However, the effectiveness of these monetary policy in accelerating household consumption in most of the CEMAC Region especially Cameroon is wanting. It is against this backdrop that this research study attempts to elucidate on how monetary policy has been influencing household consumption in Cameroon.

Research Questions

- Does monetary policy through its attributes such as real interest rate, total reserve and GNI per capita have a significant effect on household consumption in Cameroon?

- Whether money and quasi money growth has a relationship with household consumption in Cameroon?

OBJECTIVE OF THE STUDY

The main objective of the study is to investigate the effect of monetary policy on household consumption in Cameroon.
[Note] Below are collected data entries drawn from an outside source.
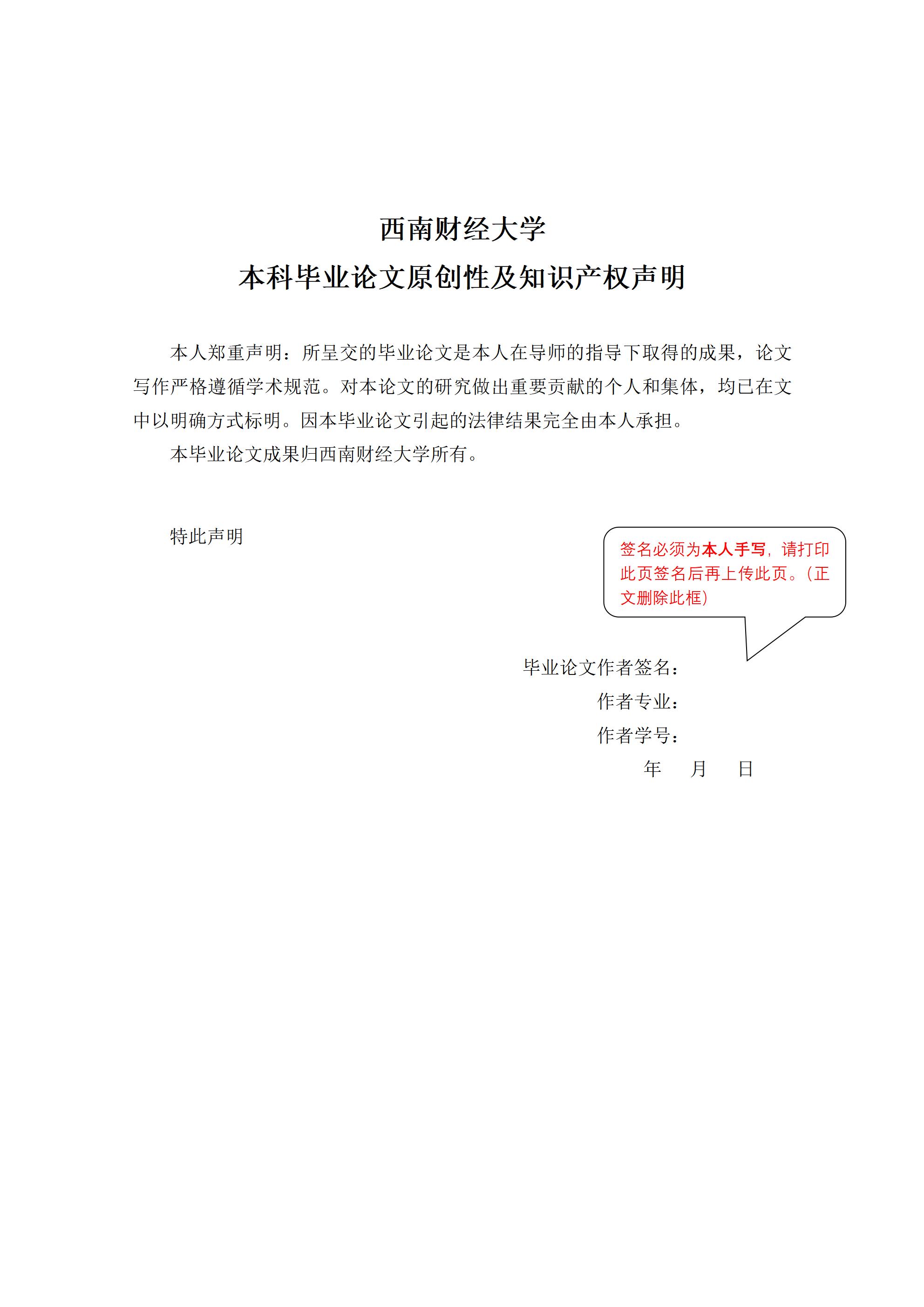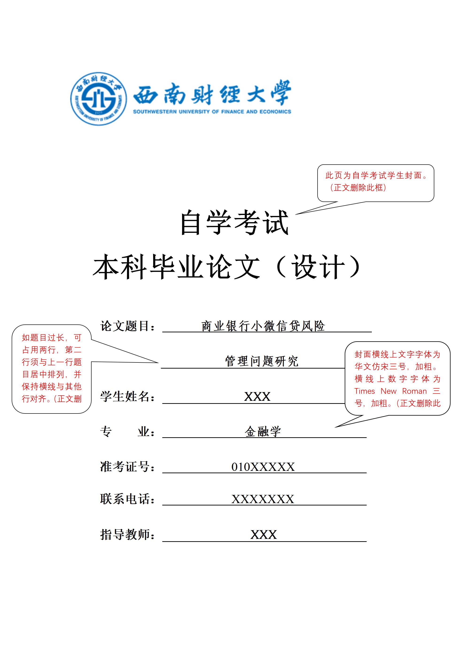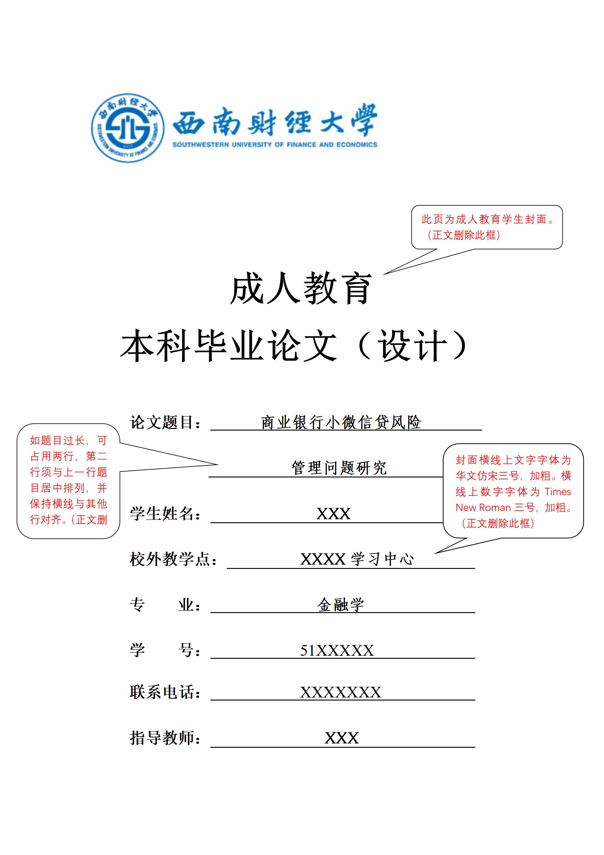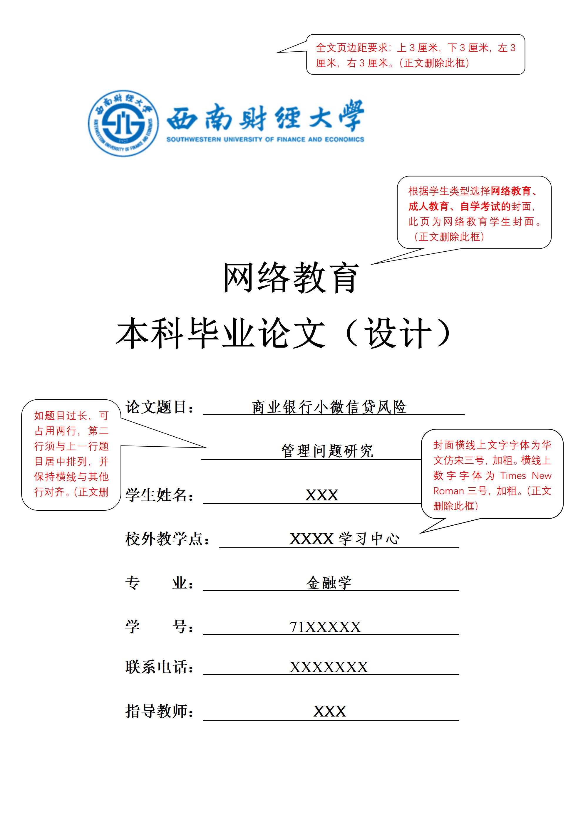 西南财经大学继续教育学院本科毕业(学位)论文(设计)示例模板
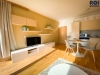Byt nabízí prostorný obývací pokoj s kuchyňským koutem, kde vám jsou k dispozici veškeré kuchyňské spotřebiče.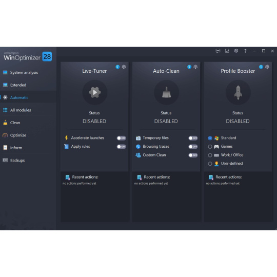 S novým programem Ashampoo WinOptimizer 28 získáte automaticky nejlepší zážitek z práce s Windows. Jeho nová automatizace zrychluje, čistí a ladí vaše aplikace. Nechte svůj počítač plynule přizpůsobit vašim potřebám pomocí prioritizace procesů, automatického čištění dočasných souborů a vlastních konfigurací profilů na základě nového nástroje Profile Booster. Ať už jde o hraní her, práci nebo prohlížení webu, maximalizujte výkon systému nebo šetřete prostředky, volba je na vás. Nový nástroj Crash Analyzer nabízí hluboký pohled na pády systému a jejich příčiny, zatímco čtyři pokročilé čističe zajišťují soukromí a poskytují údržbu systému. Díky vylepšené správě paměti dokáže nyní WinOptimizer využít více prostředků k provádění komplexních analýz téměř okamžitě!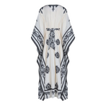 Johanna Ortiz’s Boating tunic dress is crafted in embroidered cotton with an elegant ecru and black palette. Designed with a relaxed slip-on silhouette, it reflects the brand’s effortless approach to warm-weather dressing. A versatile piece that transitions from daytime ease to refined evening elegance with artisanal flair.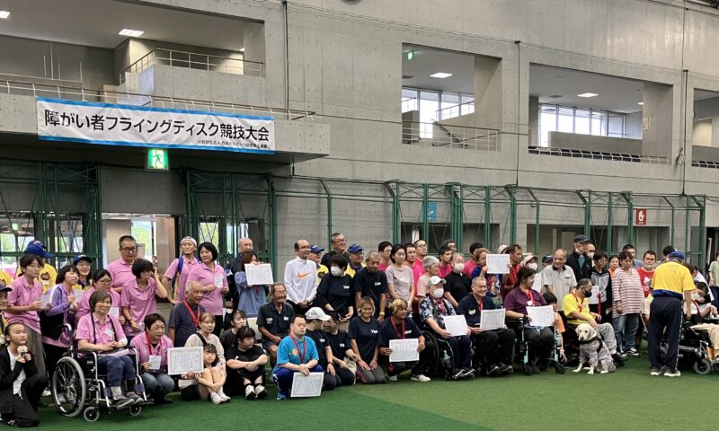 西条市河原津にあるビバ・スポルティアで開催された「第11回西条市障がい者フライングディスク競技大会」に利用者さん8名が参加しました。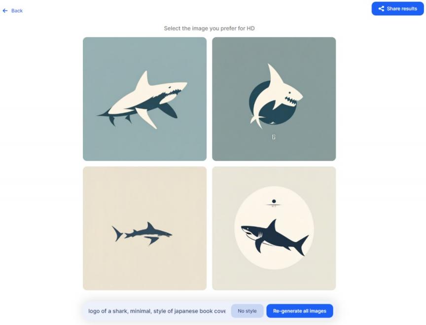 这里我使用的 Prompt 是:logo of a shark, minimal, style of japanese book cover.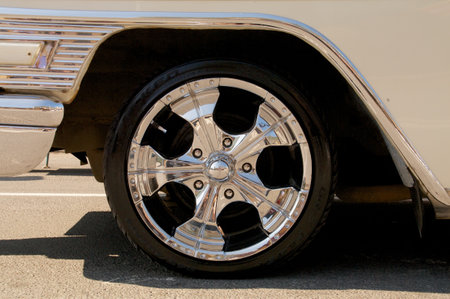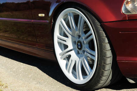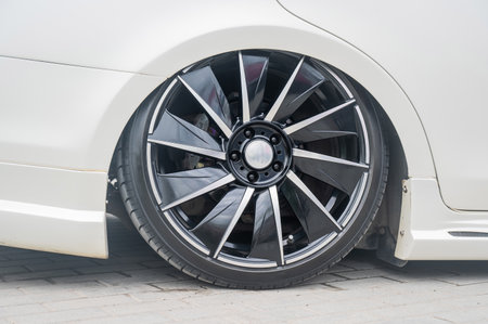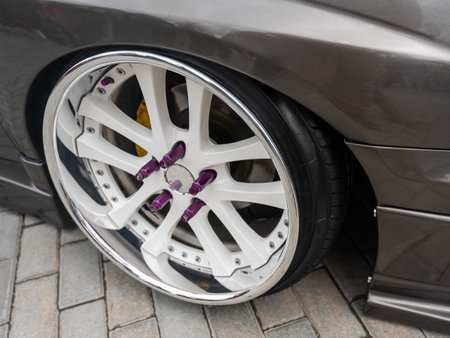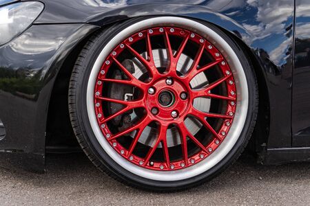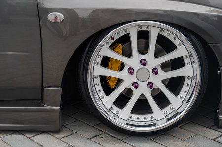 Lowrider custom tuned sport car wheel with small rubber tyre and large disk, close up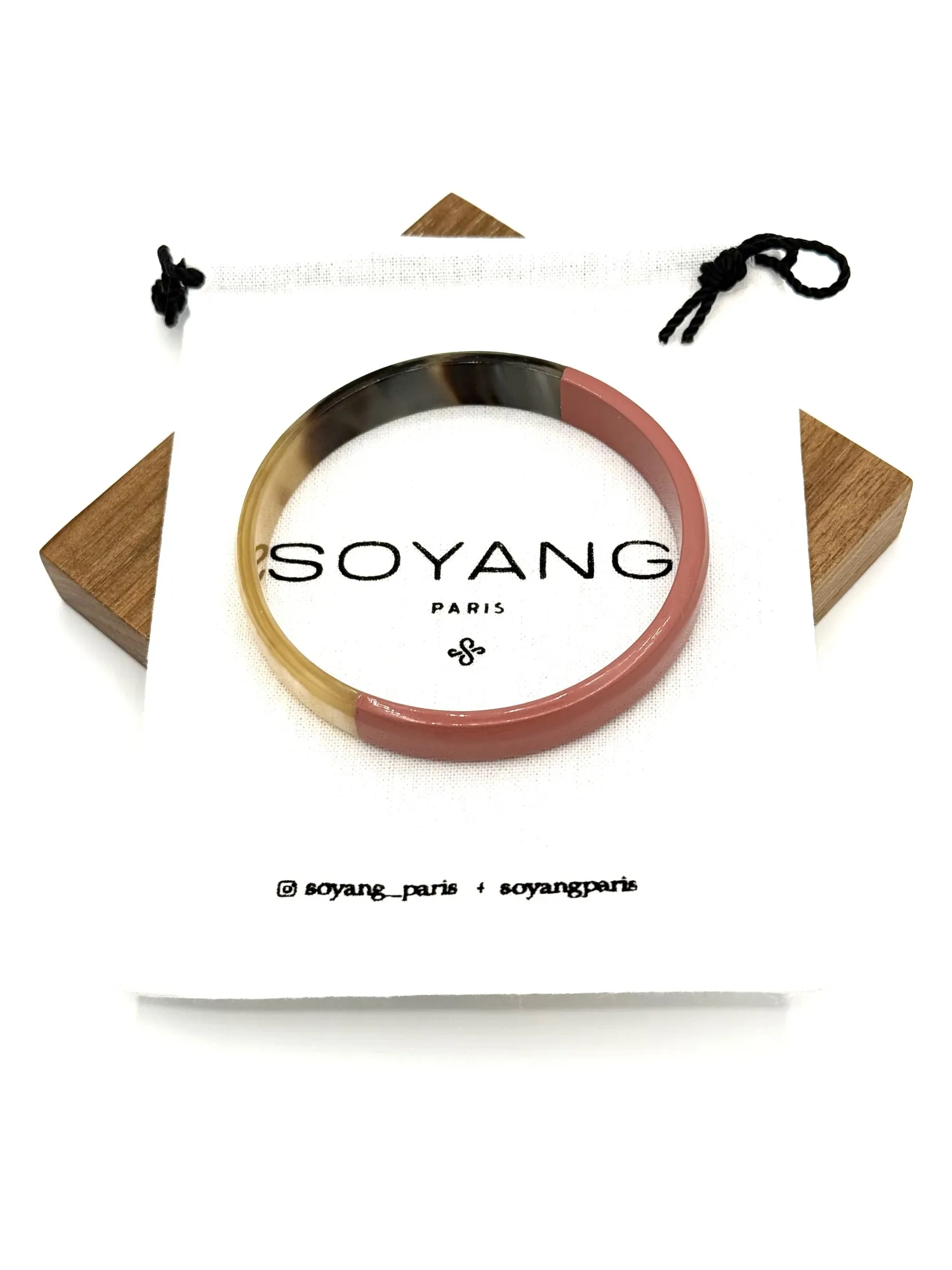 Ajoutez une touche de glamour à votre style avec le Jonc Large Laque Rose de Soyang Paris. Fabriqué à partir de corne de buffle et de zébu recyclée, ce bijou est un hommage à la durabilité et à l'élégance. Disponible en tailles S, M, et L.

Some specific objectives can be used to achieve this goal. These include

- To evaluate the role played by money and quasi money growth on household consumption in Cameroon.

- To analyze the relationship between real interest rate and household consumption in Cameroon.

- To assess the effect of GNI per capita on household consumption in Cameroon

- To recommend appropriate monetary policies to improve on household consumption in Cameroon.

Research Hypothesis

Ho: Monetary policy does not affect rural household consumption in Cameroon

LITERATURE REVIEW

Cameroon's economy is one of the fastest growing in sub-Saharan Africa. Oil extraction and agriculture, especially the cultivation of cocoa, are the most important sectors of the economy. Yet, in spite of abundance of natural resources, a third of the population lives below the poverty line. Red tape, high taxes, corruption and inequitable distribution of income are the main obstacles for Cameroon's further expansion.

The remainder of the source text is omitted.